**ACTION ITEM**
Only the stretch below from the line holding "These bright green" through the line holding "- 特選 振袖 着物 中古" should be restated, word for word and with both ends included; pictures stay out.

**DATASET ENTRIES**
▼

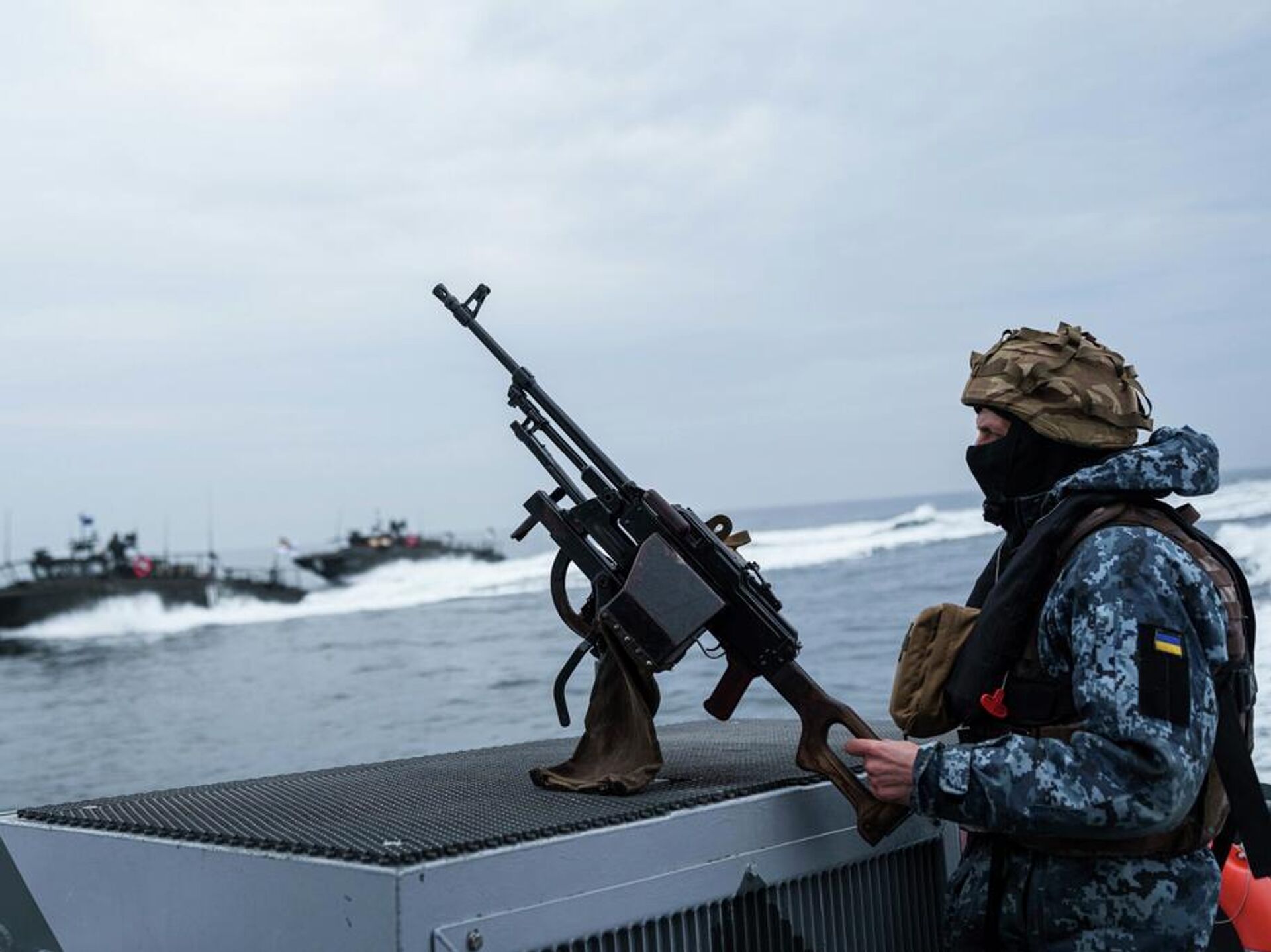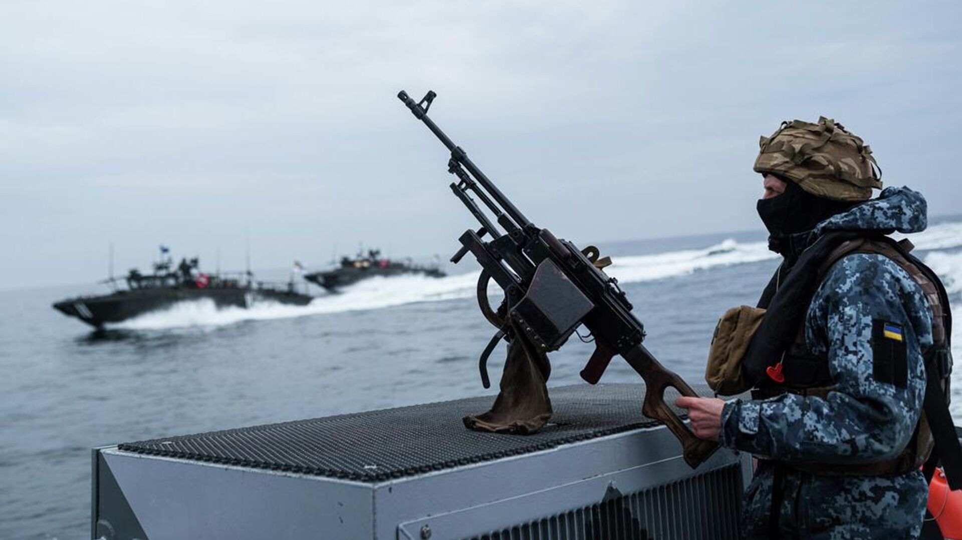 © AP Photo / Evgeniy MaloletkaUn militar ucraniano de las Fuerzas Navales Militares permanece de pie en una embarcación durante una patrulla sobre la costa del mar Negro en la región de Odesa, Ucrania, el 27 de marzo de 2025
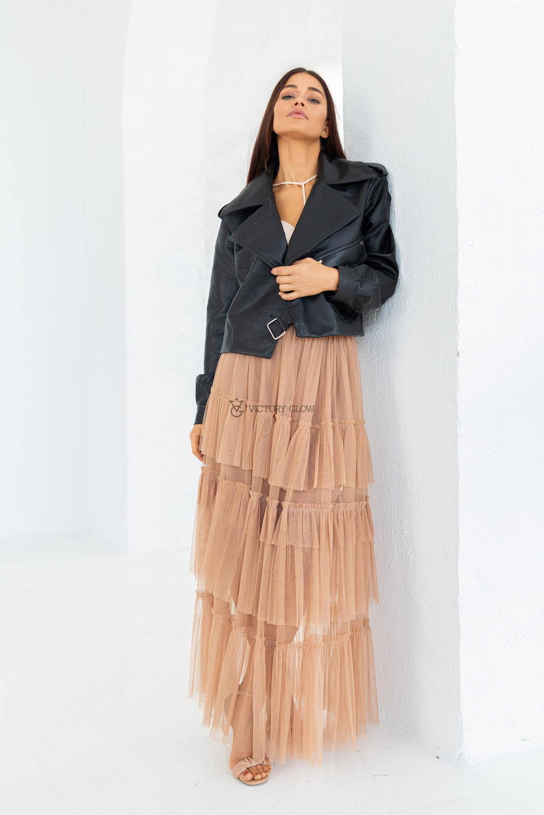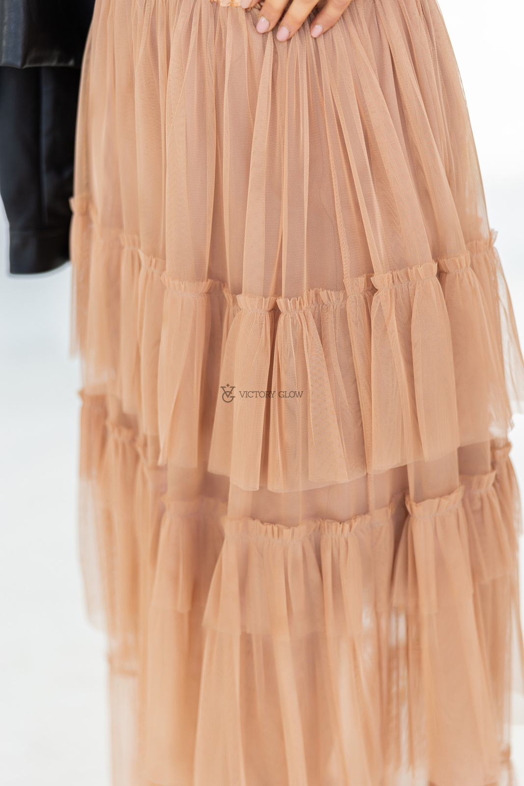 Tiulowa spódnica z falbanami Kiara  karmelowa
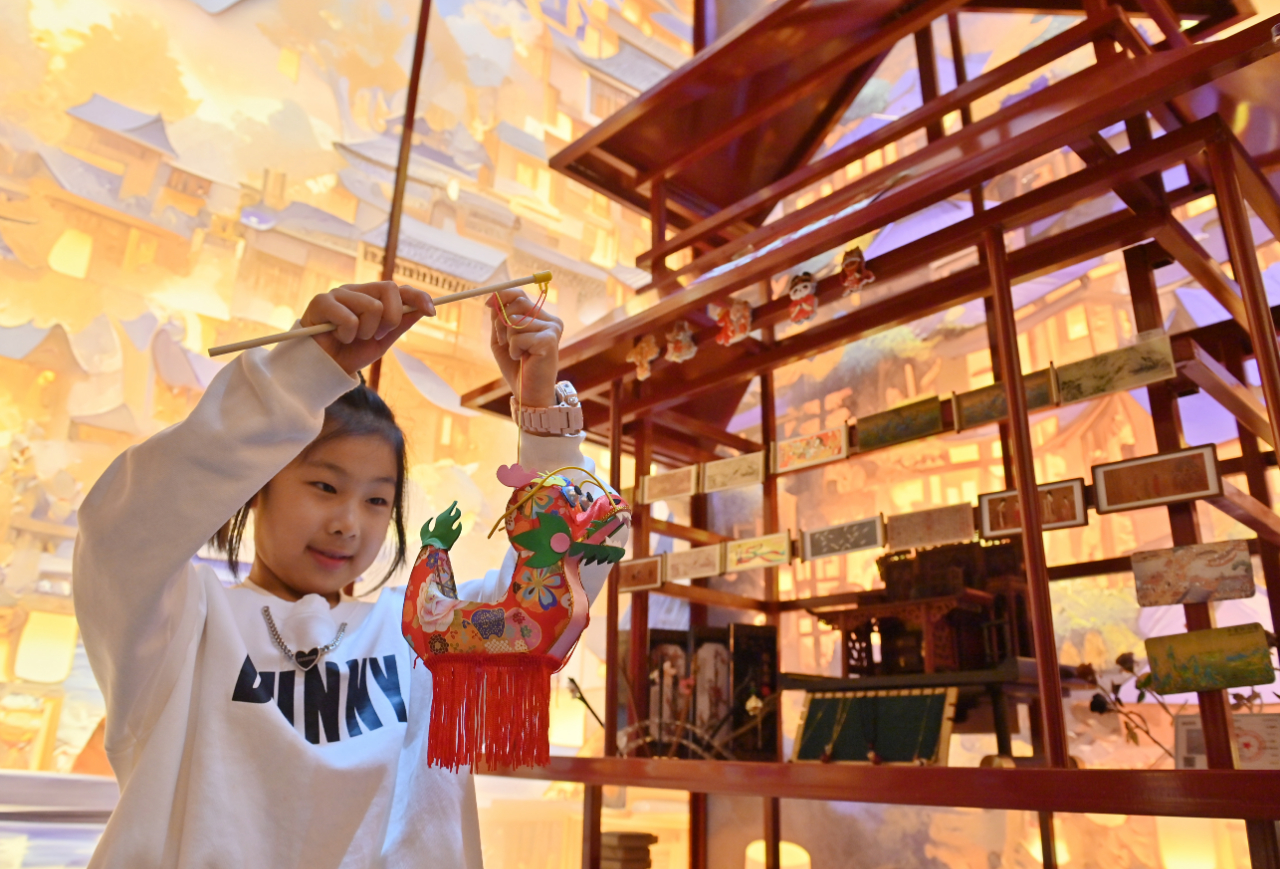 随着国潮文化的兴起,越来越多的商家将中国传统文化元素与现代设计理念相结合。图为在吉林省长春市一家商场内,小朋友在挑选“国风”灯笼。(图片由CNSPHOTO提供)
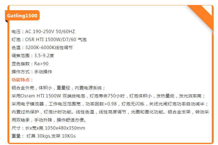 我們的大追光燈(Gatling1500)
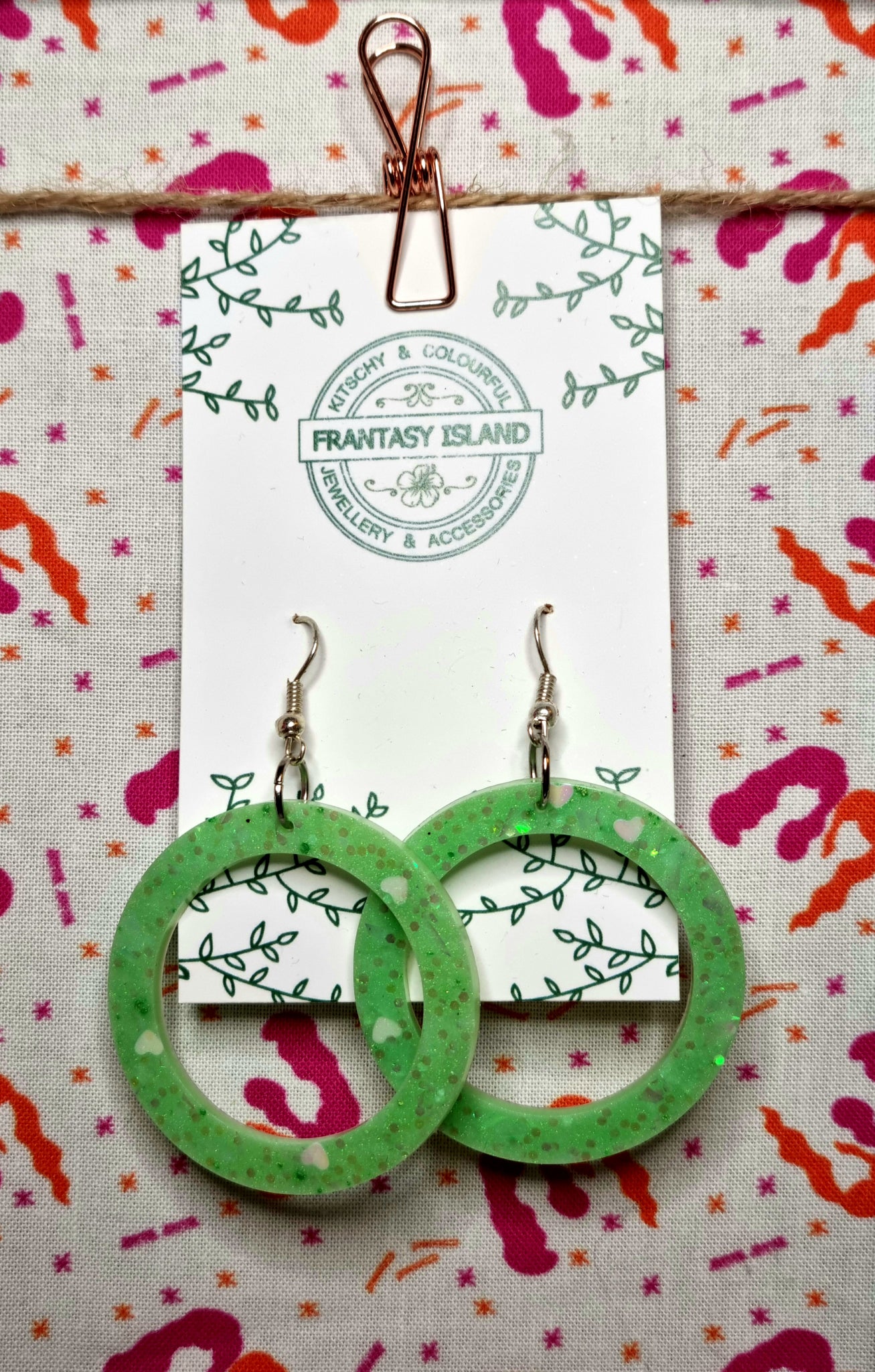 These bright green hoop earrings have an exaggerated retro shape, with holographic glitter and heart shaped sequins set in a soft green resin - Perfect for any occasion.
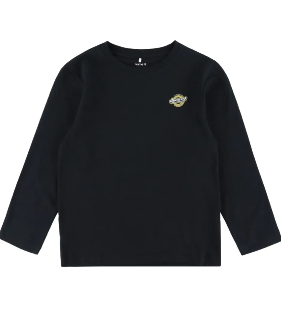 Elegant Name It bluse i sort med lange ærmer. Blusen har et lille, rundt logo på brystet i diskrete nuancer, som tilføjer en subtil detalje. Designet inkluderer en klassisk rund halsudskæring. Name It skaber produkter med fokus på enkelhed og funktionalitet.
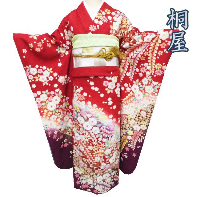 - 特選 振袖 着物 中古 正絹 桐屋 翠山工房 徳永憲峯 辻が花 絞り 銀通し 赤色 多色 金 身丈174cm 裄70cm L トール きもの北條 A1205-8
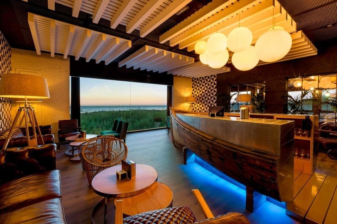 El atrio de entrada al hotel tiene una gran claraboya por donde entra la luz. Pepe Herrera, que lo diseñó en 1999 revistió las paredes en un verde que recuerda al mar. Para el suelo mármoles relajantes. Paredes claras en las habitaciones para reflejar la luz que entra por las terrazas, que tienen todas las habitaciones, la mayoría con vistas al mar.
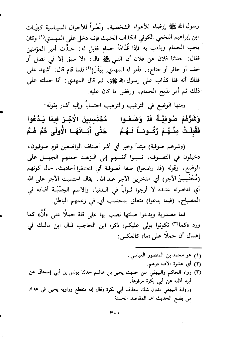 رسول الله - صلى الله عليه وسلم - إرضاء للأهواء الشخصية، ونَصْراً للأحوال السياسية كغِيَاث ابن إبراهيم النخعي الكوفي الكذاب الخبيث فإنه دخل على المهدي (¬1) وكان يحب الحمام ويلعب به فإذا قُدَّامَهُ حمام فقيل له: حدِّث أمير المؤمنين فقال: حدثنا فلان عن فلان أن النبي - صلى الله عليه وسلم - قال: " لا سبق إلا في نصل أو خف أو حافر أو جناح ". فأمر له المهديِ بِبَدْرَةٍ (¬2) فلما قام قال: أشهد على قفاك أنه قفا كذاب على رسول الله - صلى الله عليه وسلم -، ثم قال المهدي: أنا حملته على ذلك ثم أمر بذبح الحمام، ورفض ما كان عليه.
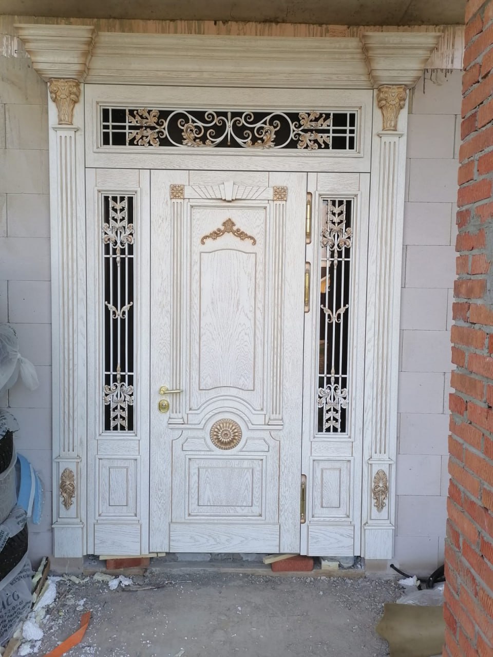 Дополняют композицию колонны с капителями и золотистые накладки — они придают двери архитектурную выразительность и напоминают о дворцовых входах эпохи барокко.
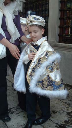This boy is dressed like this because he is about to be circumcised. I think I would need more than a frilly cape to get through it.
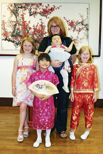 參加晚會的眾多家庭中,一位女士一直在胸前抱著一個中國女孩,無論觀看表演還是吃飯,從沒有把女孩放下過。她就是康肯(Lisa Konkin)。康肯夫婦已經有6個孩子,年長的4個已經長大成人,還有兩個女兒Caroline和Madeline。幾年前,康肯夫婦決定從中國收養孩子,經過了近3年的漫長等待后,才抱起現年6歲的Hanna-Lin。

▲

**ANSWER TO THIS PROBLEM**
 These bright green hoop earrings have an exaggerated retro shape, with holographic glitter and heart shaped sequins set in a soft green resin - Perfect for any occasion.
 Elegant Name It bluse i sort med lange ærmer. Blusen har et lille, rundt logo på brystet i diskrete nuancer, som tilføjer en subtil detalje. Designet inkluderer en klassisk rund halsudskæring. Name It skaber produkter med fokus på enkelhed og funktionalitet.
 - 特選 振袖 着物 中古 正絹 桐屋 翠山工房 徳永憲峯 辻が花 絞り 銀通し 赤色 多色 金 身丈174cm 裄70cm L トール きもの北條 A1205-8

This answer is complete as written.